Step S104, segmenting the partial image in accordance with the partial segmentation probability map, to acquire a second segmentation probability map.
In this step, the partial image may be segmented by using a pre-trained segmentation network of which inputs include the partial segmentation probability map and the partial image, so as to acquire the second segmentation probability map. The segmentation network may be a segmentation network trained and acquired in accordance with training partial segmentation probability maps, training partial images and segmentation labels of the training partial images. For example, the segmentation network may be an encoder and a decoder, or HRNET, and a loss function of the segmentation network may be a binary loss regression function or another loss regression function.
In this step, since the partial image is segmented in accordance with the first segmentation probability map, as compared with a first segmentation, the accuracy of the image segmentation may be improved.
Step S105, combining the first segmentation probability map with the second segmentation probability map, to acquire a segmentation result of the input portrait image.
When the first segmentation probability map and the second segmentation probability map are combined, it may combine the second segmentation probability map with pixels of the region in the first segmentation probability map, so as to acquire the segmentation result of the input portrait image, such as a head segmentation image of the input portrait image.

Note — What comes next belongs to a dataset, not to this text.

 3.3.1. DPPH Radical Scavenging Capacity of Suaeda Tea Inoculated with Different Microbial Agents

In the present disclosure, the first segmentation probability map and the second segmentation probability map may be acquired through the above steps, and then the first segmentation probability map and the second segmentation probability map may be combined, so as to acquire the segmentation result of the input portrait image, thereby to improve the accuracy of the image segmentation. For example, hairline-level accuracy may be achieved during a head segmentation.

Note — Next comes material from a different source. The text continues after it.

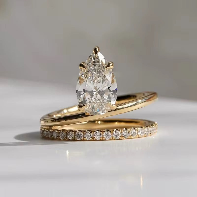 This 3ct. pear wrap around engagement ring is crafted from high-quality Moissanite and materials, this ring is designed for durability and all-day comfort. Perfect as a wedding band, anniversary gift, or a stunning statement piece, it embodies timeless elegance and sophisticated style.

It should be appreciated that the method of segmenting the image in the present disclosure may be applied to an electronic device, such as a server, a computer, a mobile phone and a tablet computer. Further, the acquired segmentation result may be applied to such scenario as automatic green screen matting, portrait image background replacement.
In a possible embodiment of the present disclosure, the segmenting the partial image in accordance with the partial segmentation probability map, to acquire the second segmentation probability map includes: generating a trimap of the partial segmentation probability map; and performing segmentation by using the partial image and the trimap as inputs of a first segmentation network, to acquire the second segmentation probability map.
The trimap of the partial segmentation probability map may be generated by using a conventional dilation and erosion method.
The first segmentation network may be a segmentation network of which inputs include the partial image and the trimap, and an output includes a segmentation probability map, such as a segmentation network including an encoder and a decoder, or an HRNET. In addition, the first segmentation network may be a segmentation network trained and acquired in accordance with training partial images, trimaps and segmentation labels of the training partial images. The first segmentation network may be trained on another electronic device, and then configured to the electronic device that implements the method of segmenting the image, which is not particularly defined in the present disclosure.
In this embodiment, the second segmentation probability map is acquired in accordance with the trimap, so as to improve the accuracy of image segmentation.
In a possible embodiment of the present disclosure, the combining the first segmentation probability map with the second segmentation probability map, to acquire the segmentation result of the input portrait image includes: replacing an image content of the region in the first segmentation probability map with an image content of the second segmentation probability map, to acquire the segmentation result of the input portrait image.
The image content of the region in the first segmentation probability map is a probability map of the region where the target part is located in the first segmentation probability map, such as a probability map of the region where the head is located.
In this embodiment, the second segmentation probability map is acquired by segmenting the partial image in accordance with the partial segmentation probability map, which is more accurate as compared with the first segmentation probability map, and the image content of the region in the first segmentation probability map is replaced with the second segmentation probability image, so as to improve the accuracy of the segmentation result.
In a possible embodiment of the present disclosure, the combining the first segmentation probability map with the second segmentation probability map, to acquire the segmentation result of the input portrait image includes: replacing a first image content of the region in the first segmentation probability map with a first image content of the second segmentation probability map, and merging a second image content of the region in the first segmentation probability map with a second image content of the second segmentation probability map, to acquire the segmentation result of the input portrait image, where a position of the first image content of the first segmentation probability map in the region is the same as a position of the first image content of the second segmentation probability map in the second segmentation probability map, and the position of the first image content of the second segmentation probability map in the region is the same as a position of the second image content of the second segmentation probability map in the second segmentation probability map
The first image content of the second segmentation probability map may be an image content in a center region of the second segmentation probability map, which may be specifically pre-defined. The second image content of the second segmentation probability map may be an image content in other regions apart from the center region.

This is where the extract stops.